DATA TO USE START

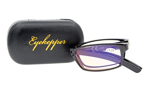 -. Feature : PRODUCTS DIMENSION-Frame Material: Plastic, Lens width: 2"(52mm), Frame width: 5 1/2"(140mm), Lens height: 1 1/8"(29mm), Frame height: 1 1/4"(33mm), Bridge (DBL): 11/16"(17mm), Temple length: 5 5/16"(135mm), Spring hinge: Yes, Lenses: Aspheric, Head size: Medium to Wider. Case length:3 3/4"(95mm), Case width:2 3/16"(55mm).Rx-able frame / EYEKEPPER COMPUTER EYEGLASSES-Obliterate Blue Light with our patented computer glasses that will keep your eyes safe from all harmful blue light, designed for anyone using an electronic device such as computers, T.V.'s or phones. This meets the requirements of the U.S. FDA, and exceeds European Union requirements / EYEKEPPER COMPUTER GAMING READING GLASSES-Included a hard case. Superior Blue Light Blocking Computer Glasses that will reduce eye strain when working on a computer, tablet, phone or television. Excellent for Relieving Visual Discomfort and fatigue associated with using a computer for long periods of time / QUALITY PLASTIC FRAME FOLDING GLASSES-FDA Registered Reading Glasses and Eyewear, Accord with ANSI Z80.3-2010, Accord with BS EN ISO 12312-1:2013 and EN14139:2010, Accord with AS/NZS 1067:2009, Top quality plastic frame, lenses and have spring-loaded hinges / LIFETIME BREAKAGE WARRANTY&30 DAY MONEY BACK GUARANTEE: In case any broken problem happens, contact the seller of Eyekepper without hesitation to solve the problem until satisfaction. Eyekepper provides lifetime after sale service for all Eyekepper computer readers glasses. Customers can return and get refunded for any reason. You have no risk to try
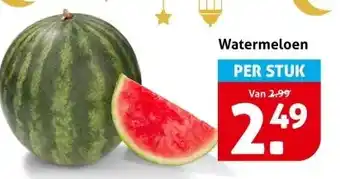 De aanbieding is verkrijgbaar in verschillende winkels, bekijk alle producten om de goedkoopste Watermeloen te krijgen. Als je graag wilt kijken of het artikel met meer korting te koop is in een andere winkel, bekijk de categorie 'Supermarkt'. Wellicht vind je deze aanbiedingen ook interessant: Watermeloen salade 200g 2x, Hoogvliet Watermeloen & Gesneden watermeloen of ananas.
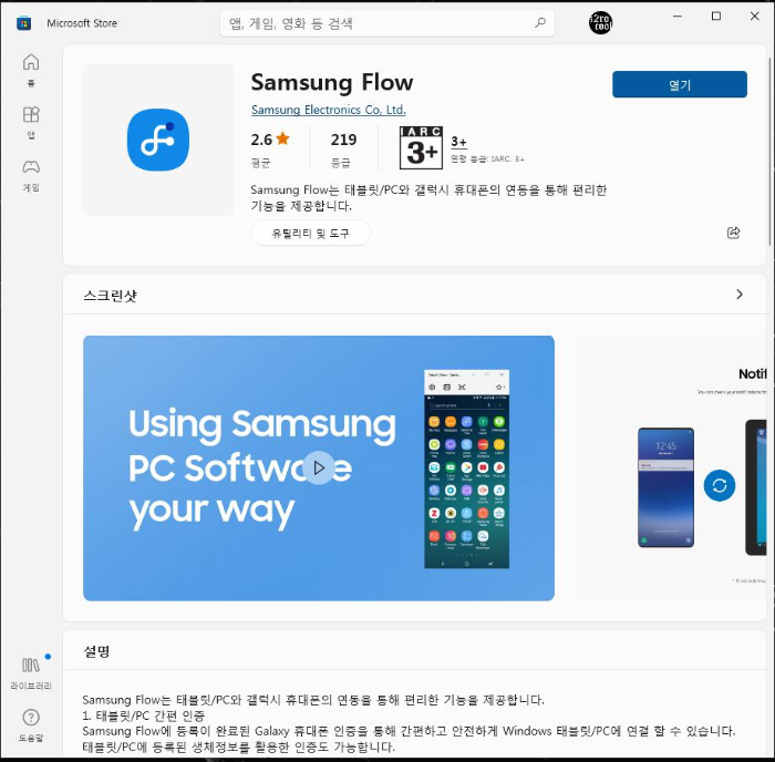#1. 원하는 컴퓨터(windows 구동)에 삼섬플로우를 설치한다...(마이크로스프트 스토어에서)
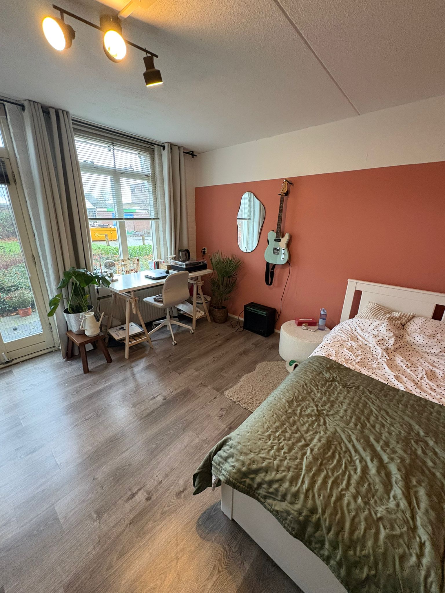 De kamer is 18m2 met een eigen badkamer en toilet, hoe chill! Als kers op de taart heb je ook je eigen tuintje. Ons huis is voorzien van een keuken en gezellige woonkamer, wasmachine, droger, vaatwasser en afsluitbaar fietsenhok.
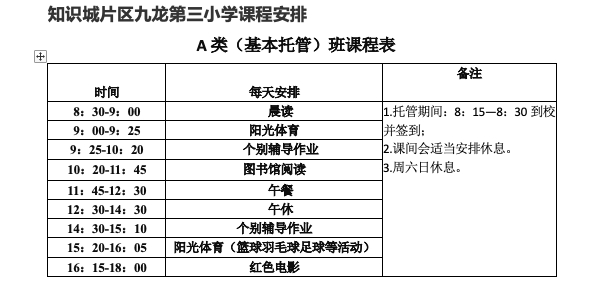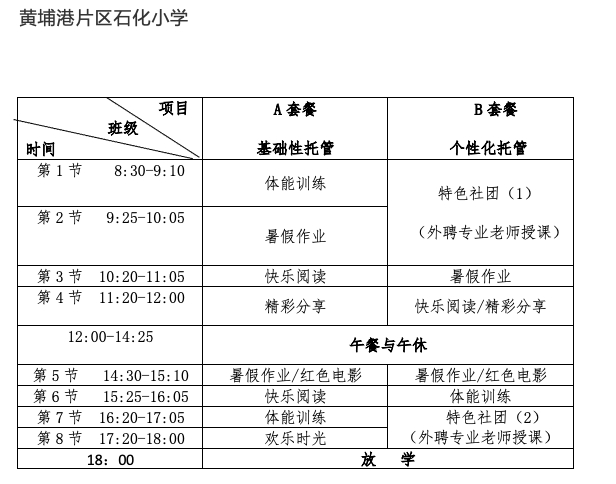 黄埔试点学校托管课程安排:
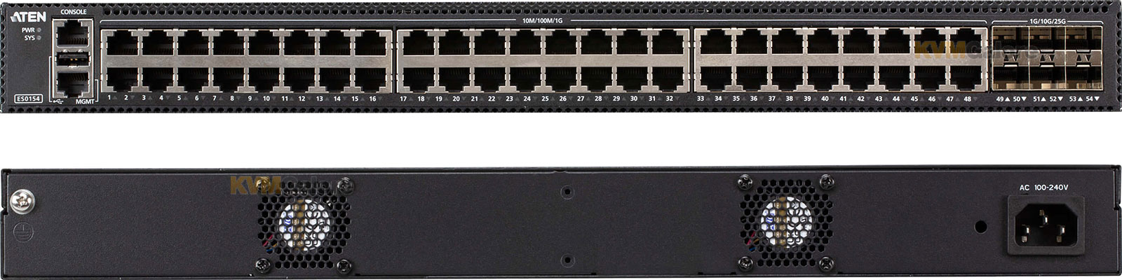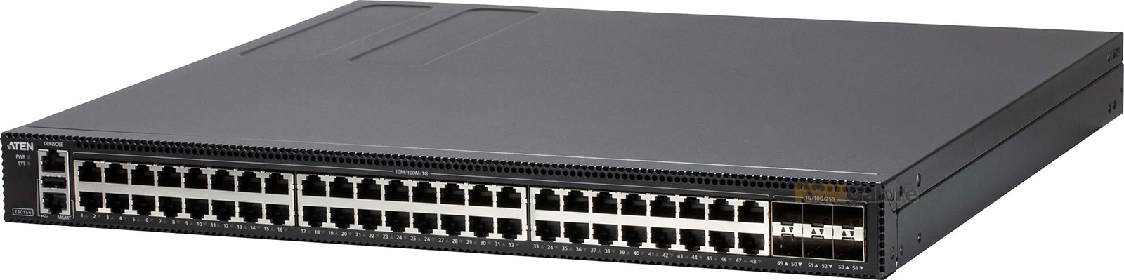 ES0154 54-port Layer 2+ gigabit Ethernet managed switch is ideal for installation with ATEN KVM over IP products. It simplifies the process of building OT infrastructure with the ATEN KVM over IP series by eliminating the complexities of setup. It provides a high-performance 54-port configuration, a complete array of L2+ features, and advanced functionalities including Layer 3 static route, DHCP server, IPv6 support, and LLDP, making it a versatile solution for enhancing network performance. It offers a combination of SFP28 (fiber) and RJ-45 (copper) ports for servicing a range of network needs.
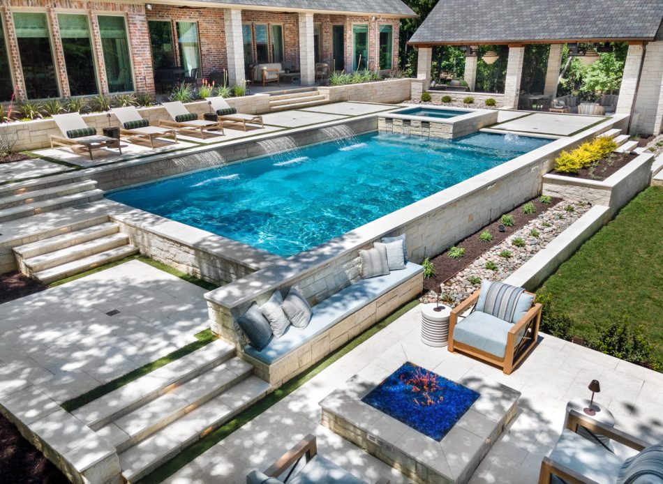 - Features: Shell Beach Limestone • Aqua Blue PebbleSheen • Bubblers • Cabana • Fire Pit • Flush Spa • Glass Tile • Rain Sheer Descent • Raised Spa • Spill Edges • Tanning Ledge •

DATA TO USE END

▸ EXERCISE PROMPT
Word for word, set down each record shown above, omitting the pictures.

▸ RESPONSE TO THE TASK
 -. Feature : PRODUCTS DIMENSION-Frame Material: Plastic, Lens width: 2"(52mm), Frame width: 5 1/2"(140mm), Lens height: 1 1/8"(29mm), Frame height: 1 1/4"(33mm), Bridge (DBL): 11/16"(17mm), Temple length: 5 5/16"(135mm), Spring hinge: Yes, Lenses: Aspheric, Head size: Medium to Wider. Case length:3 3/4"(95mm), Case width:2 3/16"(55mm).Rx-able frame / EYEKEPPER COMPUTER EYEGLASSES-Obliterate Blue Light with our patented computer glasses that will keep your eyes safe from all harmful blue light, designed for anyone using an electronic device such as computers, T.V.'s or phones. This meets the requirements of the U.S. FDA, and exceeds European Union requirements / EYEKEPPER COMPUTER GAMING READING GLASSES-Included a hard case. Superior Blue Light Blocking Computer Glasses that will reduce eye strain when working on a computer, tablet, phone or television. Excellent for Relieving Visual Discomfort and fatigue associated with using a computer for long periods of time / QUALITY PLASTIC FRAME FOLDING GLASSES-FDA Registered Reading Glasses and Eyewear, Accord with ANSI Z80.3-2010, Accord with BS EN ISO 12312-1:2013 and EN14139:2010, Accord with AS/NZS 1067:2009, Top quality plastic frame, lenses and have spring-loaded hinges / LIFETIME BREAKAGE WARRANTY&30 DAY MONEY BACK GUARANTEE: In case any broken problem happens, contact the seller of Eyekepper without hesitation to solve the problem until satisfaction. Eyekepper provides lifetime after sale service for all Eyekepper computer readers glasses. Customers can return and get refunded for any reason. You have no risk to try
 De aanbieding is verkrijgbaar in verschillende winkels, bekijk alle producten om de goedkoopste Watermeloen te krijgen. Als je graag wilt kijken of het artikel met meer korting te koop is in een andere winkel, bekijk de categorie 'Supermarkt'. Wellicht vind je deze aanbiedingen ook interessant: Watermeloen salade 200g 2x, Hoogvliet Watermeloen & Gesneden watermeloen of ananas.
#1. 원하는 컴퓨터(windows 구동)에 삼섬플로우를 설치한다...(마이크로스프트 스토어에서)
 De kamer is 18m2 met een eigen badkamer en toilet, hoe chill! Als kers op de taart heb je ook je eigen tuintje. Ons huis is voorzien van een keuken en gezellige woonkamer, wasmachine, droger, vaatwasser en afsluitbaar fietsenhok.
 黄埔试点学校托管课程安排:
 ES0154 54-port Layer 2+ gigabit Ethernet managed switch is ideal for installation with ATEN KVM over IP products. It simplifies the process of building OT infrastructure with the ATEN KVM over IP series by eliminating the complexities of setup. It provides a high-performance 54-port configuration, a complete array of L2+ features, and advanced functionalities including Layer 3 static route, DHCP server, IPv6 support, and LLDP, making it a versatile solution for enhancing network performance. It offers a combination of SFP28 (fiber) and RJ-45 (copper) ports for servicing a range of network needs.
 - Features: Shell Beach Limestone • Aqua Blue PebbleSheen • Bubblers • Cabana • Fire Pit • Flush Spa • Glass Tile • Rain Sheer Descent • Raised Spa • Spill Edges • Tanning Ledge •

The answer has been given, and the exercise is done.